> DIRECTIONS: Only the lines below from the one containing "Handmade Concrete Soy" through the one containing "Специално спускане по" belong in the answer, set down exactly, with the pictures left out.

> MATERIAL FOR THIS EXERCISE:

========================

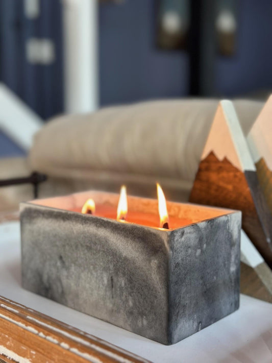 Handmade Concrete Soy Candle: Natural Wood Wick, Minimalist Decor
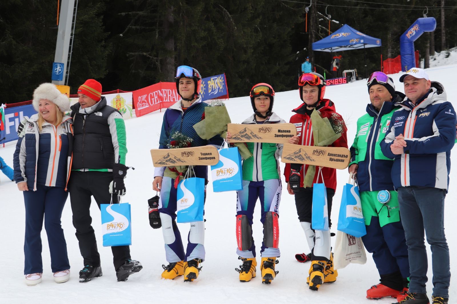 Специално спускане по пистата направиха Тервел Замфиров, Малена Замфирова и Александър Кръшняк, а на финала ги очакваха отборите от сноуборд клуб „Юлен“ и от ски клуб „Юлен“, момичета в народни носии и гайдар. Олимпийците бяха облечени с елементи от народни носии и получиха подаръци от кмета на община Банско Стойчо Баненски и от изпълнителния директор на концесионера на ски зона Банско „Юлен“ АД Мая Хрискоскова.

========================

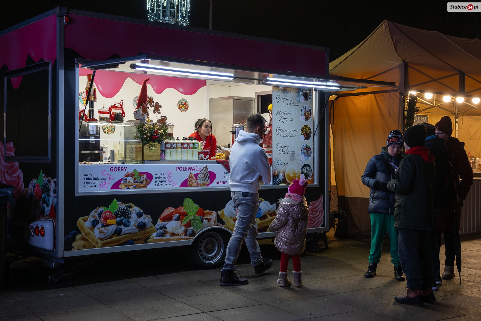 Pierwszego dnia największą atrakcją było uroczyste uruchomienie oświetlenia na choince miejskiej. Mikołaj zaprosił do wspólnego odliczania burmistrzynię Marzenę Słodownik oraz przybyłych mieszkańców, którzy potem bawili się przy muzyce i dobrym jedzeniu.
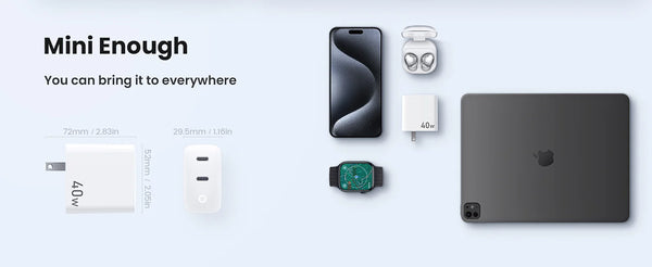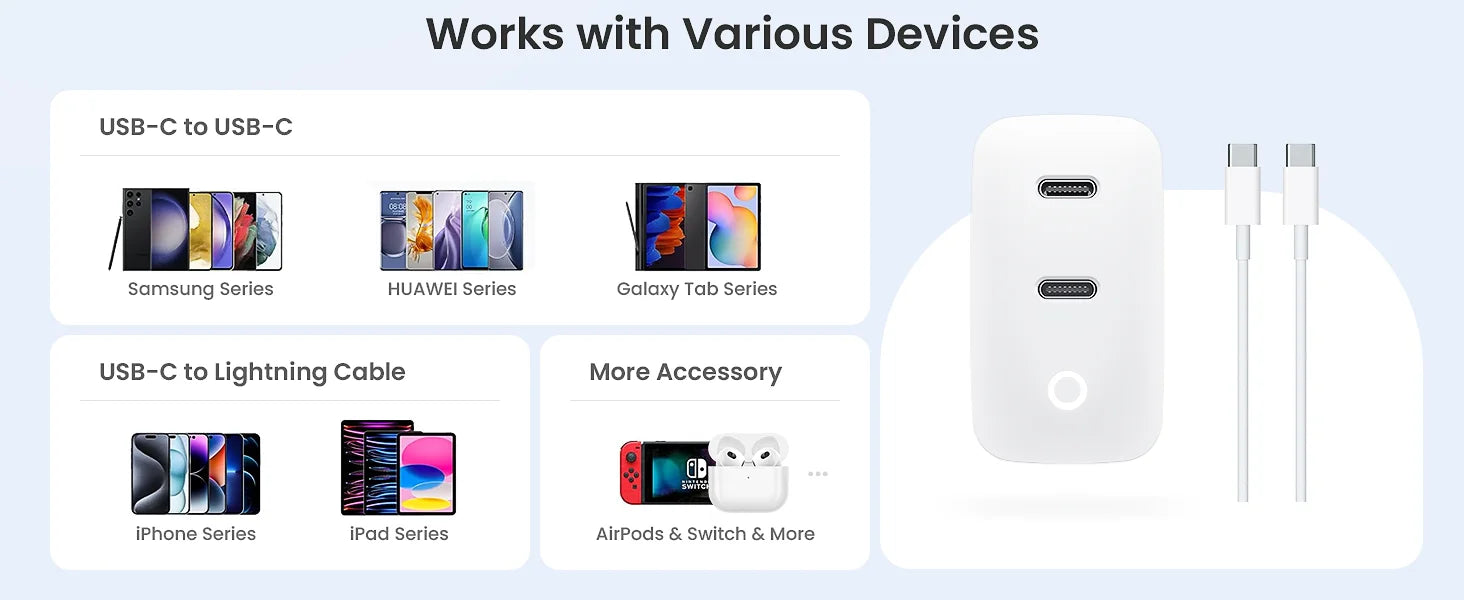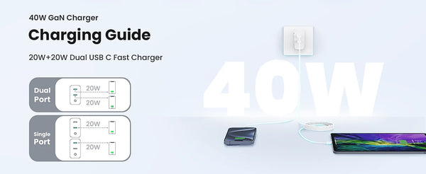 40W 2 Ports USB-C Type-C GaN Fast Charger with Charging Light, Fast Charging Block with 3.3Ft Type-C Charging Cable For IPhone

========================

> RESPONSE AREA:
 Handmade Concrete Soy Candle: Natural Wood Wick, Minimalist Decor
 Специално спускане по пистата направиха Тервел Замфиров, Малена Замфирова и Александър Кръшняк, а на финала ги очакваха отборите от сноуборд клуб „Юлен“ и от ски клуб „Юлен“, момичета в народни носии и гайдар. Олимпийците бяха облечени с елементи от народни носии и получиха подаръци от кмета на община Банско Стойчо Баненски и от изпълнителния директор на концесионера на ски зона Банско „Юлен“ АД Мая Хрискоскова.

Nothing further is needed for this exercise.